Abstract

To enable rationale vaccine design, studies of molecular and cellular mechanisms of immune recognition need to be linked with clinical studies in humans. A major challenge in conducting such translational research studies lies in the management and integration of large amounts and various types of data collected from multiple sources. For this purpose, we have established “IMMUNOCAT”, an interactive data management system for the epitope discovery research projects conducted by our group. The system provides functions to store, query, and analyze clinical and experimental data, enabling efficient, systematic, and integrative data management. We demonstrate how IMMUNOCAT is utilized in a large-scale research contract that aims to identify epitopes in common allergens recognized by T cells from human donors, in order to facilitate the rational design of allergy vaccines. At clinical sites, demographic information and disease history of each enrolled donor are captured, followed by results of an allergen skin test and blood draw. At the laboratory site, T cells derived from blood samples are tested for reactivity against a panel of peptides derived from common human allergens. IMMUNOCAT stores results from these T cell assays along with MHC:peptide binding data, results from RAST tests for antibody titers in donor serum, and the respective donor HLA typing results. Through this system, we are able to perform queries and integrated analyses of the various types of data. This provides a case study for the use of bioinformatics and information management techniques to track and analyze data produced in a translational research study aimed at epitope identification.

1. Introduction

A crucial step for rational subunit vaccine design is the selection of antigens to include. For vaccines against infectious agents, antigens capable of inducing protective immune responses are desired. Several strategies based on genomic and proteomic approaches are being used to identify subsets of antigens that are highly expressed in general [1], on the surface [2], or during infection [3]. Antigens from these priority subsets are then followed up individually to test for their capacity to induce protective immunity. An alternative strategy that identifies protective antigens directly is to map targets of immune responses in previously infected hosts that successfully cleared the infection. This strategy is applicable whenever past infectious are known to provide protective immunity. In those cases, the capacity of antigens to induce protective immunity in a vaccine setting has been shown to correlate with the magnitude of the response against that antigen post infection [4]. Therefore, knowledge of targets of immune responses in infected hosts has high value for vaccine design against infectious diseases. Knowing immune response targets is also crucial for the development of allergy vaccines, whose goal is to modulate the pathologic immune responses of allergic individuals towards those found in non-allergics [5, 6]. Similarly, for cancer vaccines to be successful, it is necessary to identify antigens targeted by immune responses associated with tumor regression [7, 8]. In summary, identifying the targets and characteristics of immune responses in well characterized host populations enables the rational design of vaccines.

One established approach for the identification and characterization of T cell immune response is the use of peptide based epitope mapping strategies. These are especially efficient when used in combination with bioinformatics predictions of candidate peptides [9]. The identification of epitopes, the exact molecular unit of recognition within an antigen, also provides a mechanistic understanding of cross-reactivity of immune responses for different pathogens. This has recently been applied to study T cell immunity to swine flu [10, 11], and is important when designing cross-protective vaccines.

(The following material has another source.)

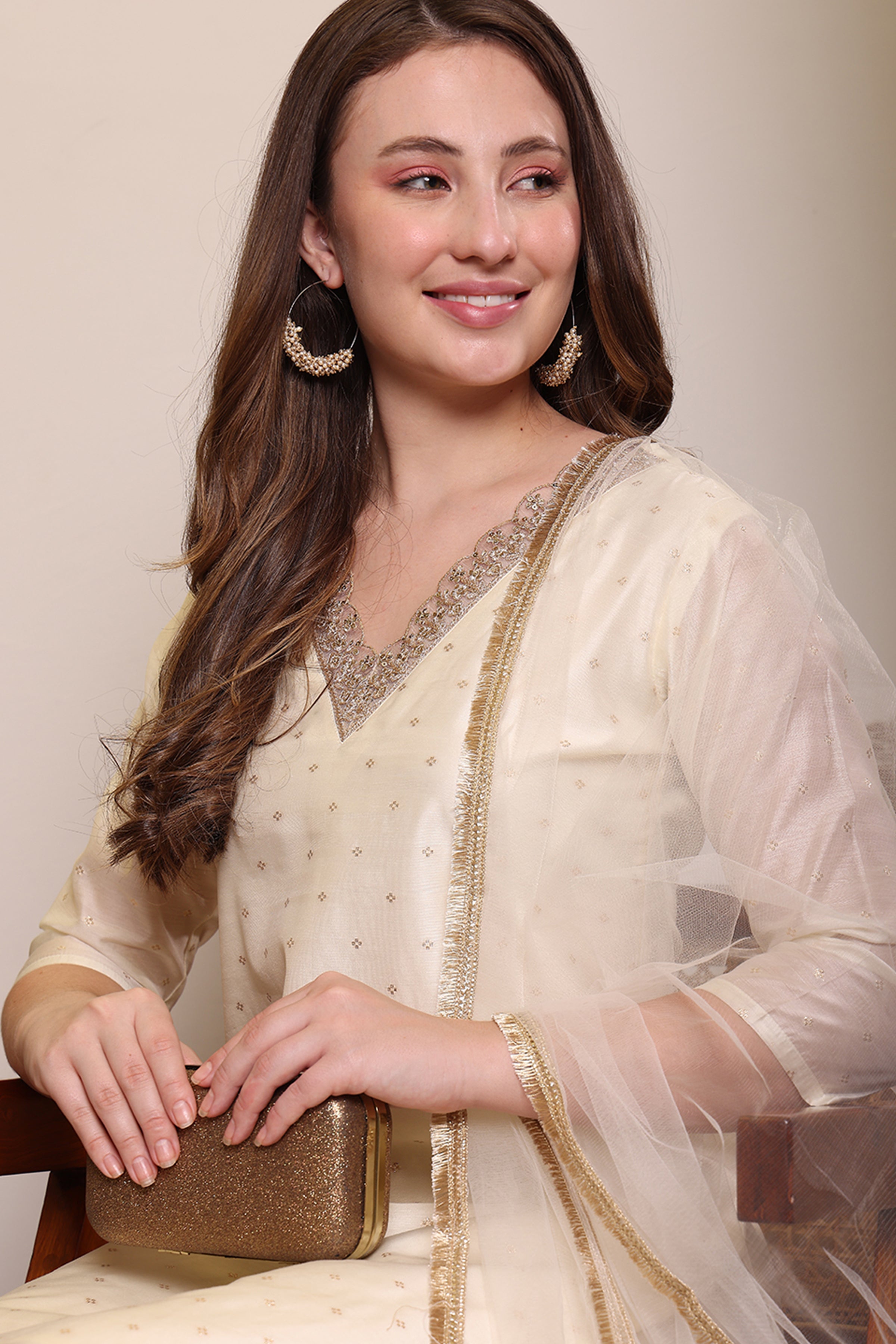 Avanshee's Chanderi Cotton Silk Kurta, Pant, & Net Dupatta with Lining.
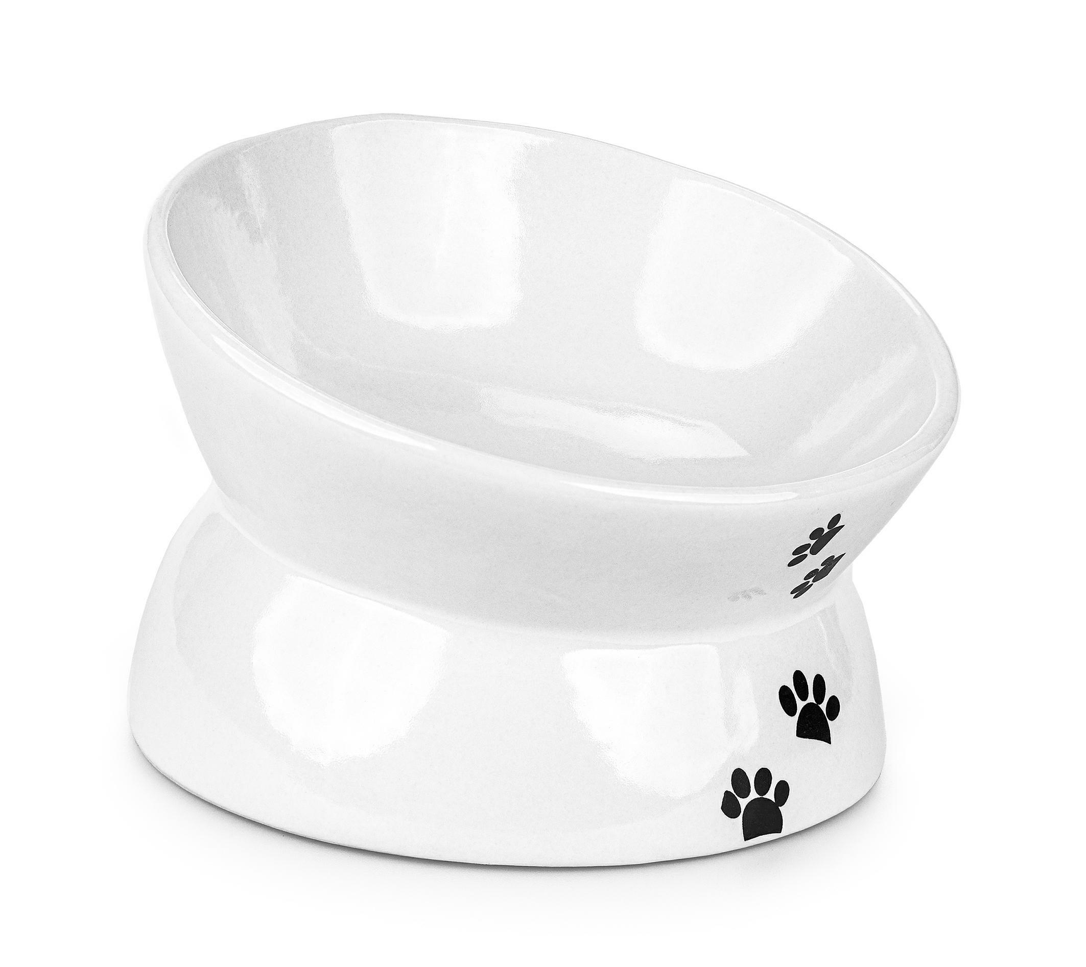 Właściwa miska dla kota to ważna kwestia! Miska ceramiczna podwyższona jest stabilna i estetycznie zaprojektowana. Biały kolor i niewielkie symbole kocich łapek sprawiają, że jest prosta, a jednocześnie efektowna. Miska jest odpowiednia do podawania różnych rodzajów karmy oraz wody. Podwyższenie miseczki ogranicza ryzyko rozsypywania się jedzenia i wylewania wody.

We have participated in two recently completed large-scale T cell epitope mapping projects, one to characterize epitopes responsible for the protective immunity conveyed by the smallpox vaccine [1215], another to characterize epitopes in Arenaviruses [1618], which has led to the generation of a candidate for a cross protective vaccine (M. Kotturi et al., PLoS Pathogens, in press). One lesson learned from these studies is that their data management is challenging, as the epitope response patterns discovered are typically complicated [19]. Also, these studies require the integration of large amounts and various types of data collected from multiple clinical and laboratory sites. Like many other groups, we have managed these data in a collection of spreadsheets, lab notebooks, and database systems designed for a single type of experiment. While each of these provides a sufficient mechanism to capture a specific type of information, the integrated analysis of these data often becomes labor intensive. Worse, problems due to inconsistencies in nomenclature and incompleteness of datasets are often only discovered at the time of analysis rather than at the time of data entry, which can make it hard or impossible to rectify them.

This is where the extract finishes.